• TASK TO COMPLETE:
When you repeat the entries below, please keep them exact and leave out the pictures.
####
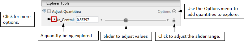 Используйте меню Options, чтобы сконфигурировать поведение ползунка и свойства. Например, чтобы мешать задаче быть запущенными каждый раз вы перемещаете ползунок, очищаете Run Task When Quantity Changes Value. Чтобы изменить область значений ползунка, выберите Define Slider Properties.
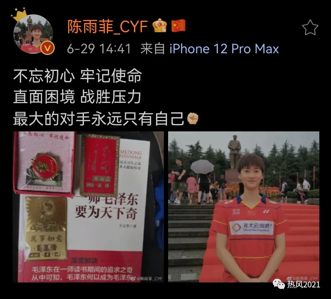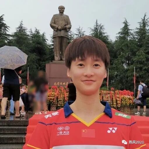 无独有偶,再前一天(8月1日)夺得羽毛球女子单打冠军的运动员陈雨菲,她的微博头像,就是跟韶山毛泽东广场毛主席铜像的合影:
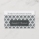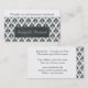 A business card template with a digital design of metallic effect dark grey or black leaf swirls and a metal-like nameplate. A strip of the design is repeated on the reverse with the address details. The card stock is the basic white coloured card, but can be easily changed to another colour or paper type.
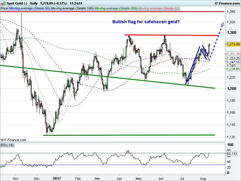 Gold remains on course for a test of $1300 and completion of a bullish flag.
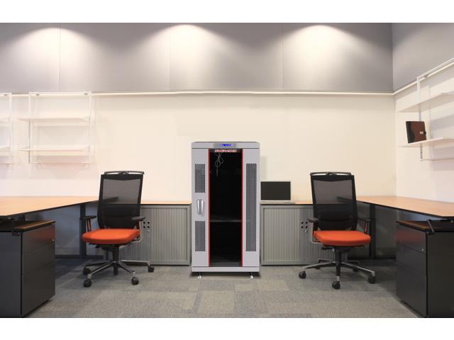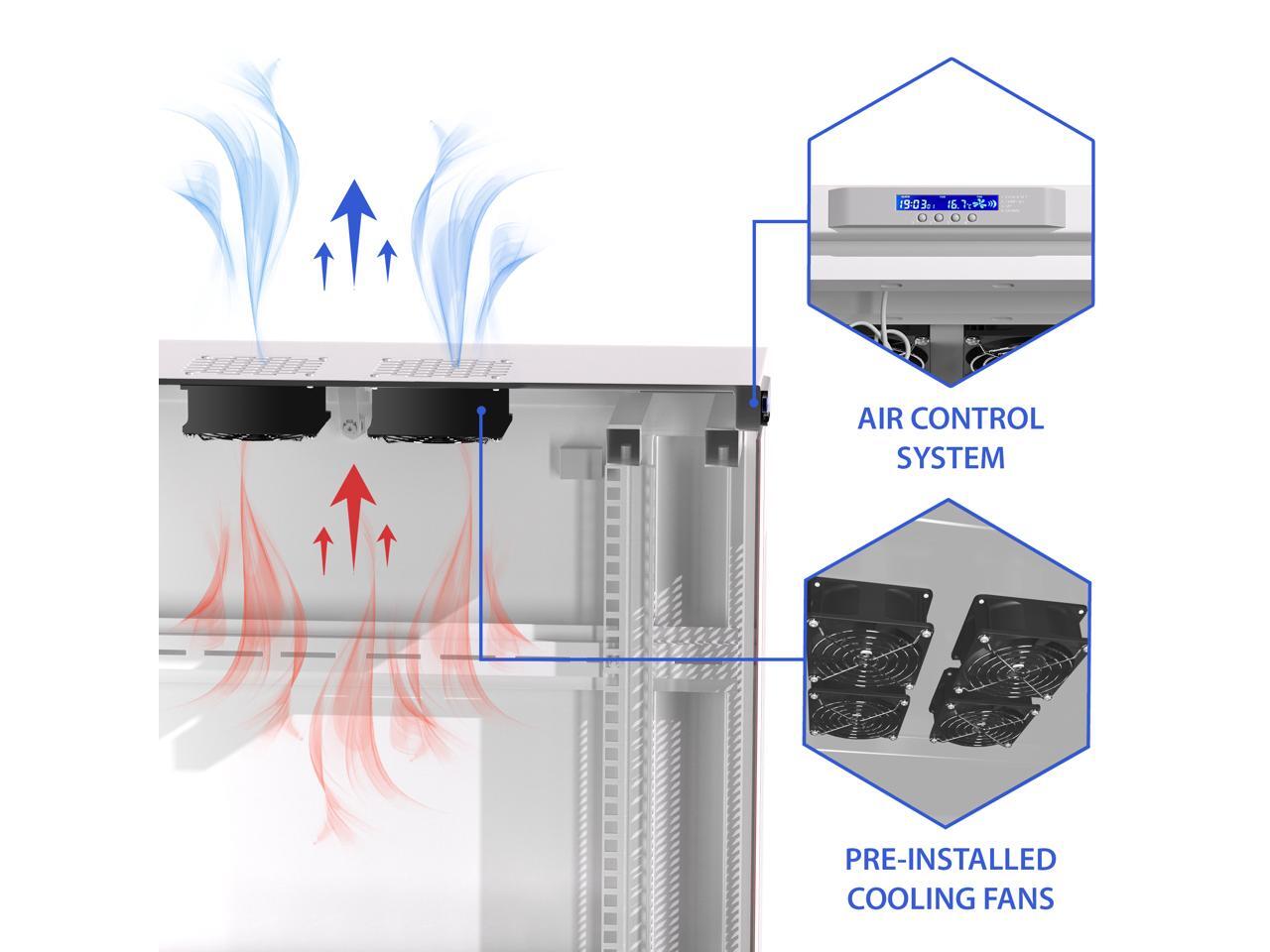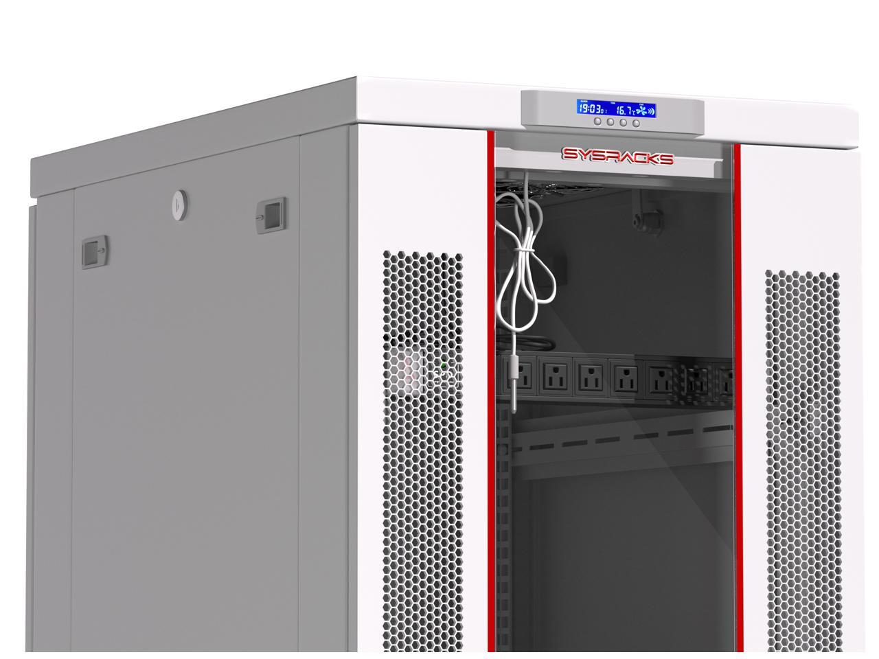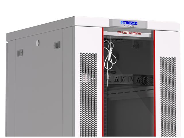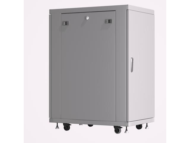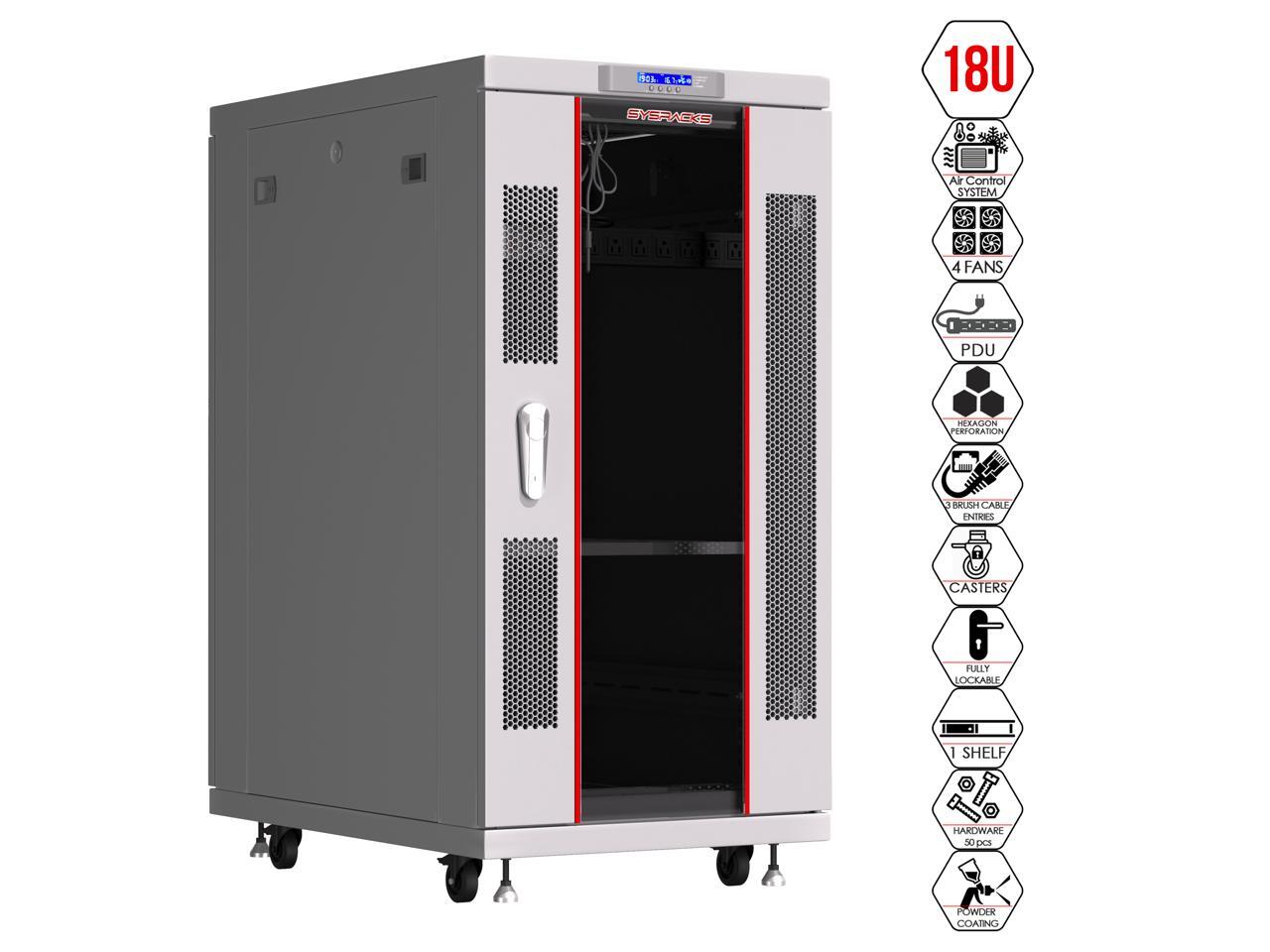 18U 35-inch Depth Grey White Server Cabinet Network Rack Standing IT Networking Enclosure on Wheels with Thermostat and Accessories - LCD-screen - 4 X Cooling Fans - Casters - Vented Shelf - Sensor
####
• TASK RESPONSE:
 Используйте меню Options, чтобы сконфигурировать поведение ползунка и свойства. Например, чтобы мешать задаче быть запущенными каждый раз вы перемещаете ползунок, очищаете Run Task When Quantity Changes Value. Чтобы изменить область значений ползунка, выберите Define Slider Properties.
 无独有偶,再前一天(8月1日)夺得羽毛球女子单打冠军的运动员陈雨菲,她的微博头像,就是跟韶山毛泽东广场毛主席铜像的合影:
 A business card template with a digital design of metallic effect dark grey or black leaf swirls and a metal-like nameplate. A strip of the design is repeated on the reverse with the address details. The card stock is the basic white coloured card, but can be easily changed to another colour or paper type.
 Gold remains on course for a test of $1300 and completion of a bullish flag.
 18U 35-inch Depth Grey White Server Cabinet Network Rack Standing IT Networking Enclosure on Wheels with Thermostat and Accessories - LCD-screen - 4 X Cooling Fans - Casters - Vented Shelf - Sensor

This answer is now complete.